Values determined by "stopping" properties


The lotus-eaters are examples of humans who have followed hedonism all the way through to its logical conclusion. In contrast, the "mindless outsourcers" are a possible consequence of the urge to efficiency: competitive pressures making uploads choose to destroy their own identity.

In my "Mahatma Armstrong" version of Eliezer's CEV, a somewhat altruistic entity ends up destroying all life, after a series of perfectly rational self-improvements. And in many examples where AIs are supposed to serve human preferences, these preferences are defined by a procedure (say, a question-answer process) that the AI can easily manipulate.

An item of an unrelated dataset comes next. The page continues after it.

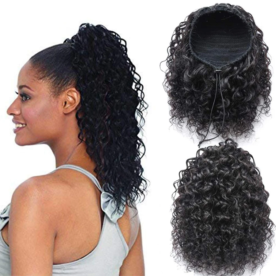 Кудрявый афро кудрявый конский хвост, человеческие волосы для наращивания, натуральные человеческие волосы, кудрявый прямой конский хвост, Верхний хвост

Stability and stopping properties

Almost everyone agrees that human values are under-determined (we haven't thought deeply and rigorously about every situation) and changeable by life experience. Therefore, it makes no sense to use "current human values" as a goal; this concept doesn't even exist in any rigorous sense.

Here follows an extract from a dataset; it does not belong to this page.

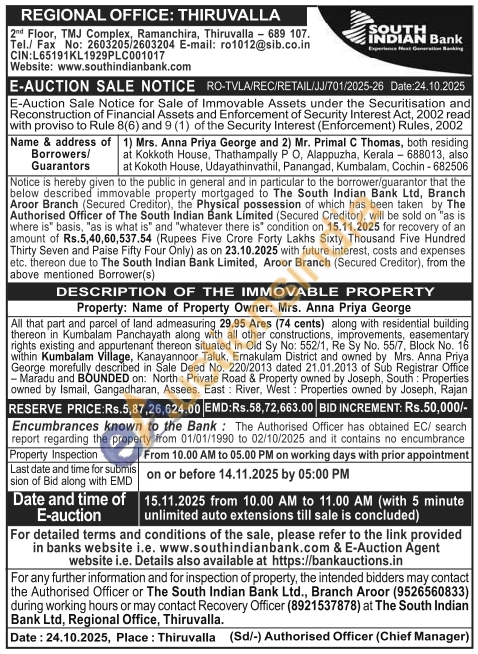 All that part and parcel of land admeasuring 29.95 Ares (74 cents) along with residential building thereon in Kumbalam Panchayath along with all other constructions, improvements, easementary rights existing and appurtenant thereon situated in Old Sy No: 552/1, Re Sy No. 55/7, Block No. 16 within Kumbalam Village, Kanayannoor Taluk, Ernakulam District and owned by Mrs. Anna Priya George morefully described in Sale Deed No. 220/2013 dated 21.01.2013 of Sub Registrar Office - Maradu and BOUNDED on: North: Private Road & Property owned by Joseph, South: Properties owned by Ismail, Gangadharan, Assees. East River, West: Properties owned by Joseph, Rajan

So we need some way of extrapolating true human values. All the previous examples could be considered examples of extrapolation, and they all share the same problem: they are defined by their "stopping criteria" more than by their initial conditions.

For example, the lotus eaters have reached a soporific hedonism they don't want to wake out of. There no longer is "anyone there" to change anything in the mindless outsourcers. CEV is explicitly assumed to be convergent: convergent to a point where the idealised entity no longer sees any need to change. The AI example is a bit different in flavour, but the "stopping criteria" are whatever the human /chooses/is tricked into/is forced into/ saying. This means that the AI could be an optimisation process pushing the human to say whatever it wants us to.

Importantly, all these stopping criteria are local: they explicitly care only about the situation when the stopping criteria is reached, not about the journey there, nor the initial conditions.

Processes can drift very far from their starting point, if they have local stopping criteria, even under very mild selection pressure. Consider the following game: each of two players is to name an number, and , between and . The player with the highest number gets that much in euros, and the one with the strictly lowest one gets that much plus two in euros. Each player starts at , and each in turn is allowed to adjust their numbers until they don't want to any more.

Then if both players are greedy and myopic, one player will start by dropping to , followed by the next player dropping theirs to , and so on, going back and forth between the players until one stands at and the other at . Obviously if the could be chosen from a larger range, there's no limit to the amount of loss that such a process could generate.

Similarly, if our process of extrapolating human values have local stopping criteria, there's no limit to how bad they could end up being, or how "far away" in the space of values they could go.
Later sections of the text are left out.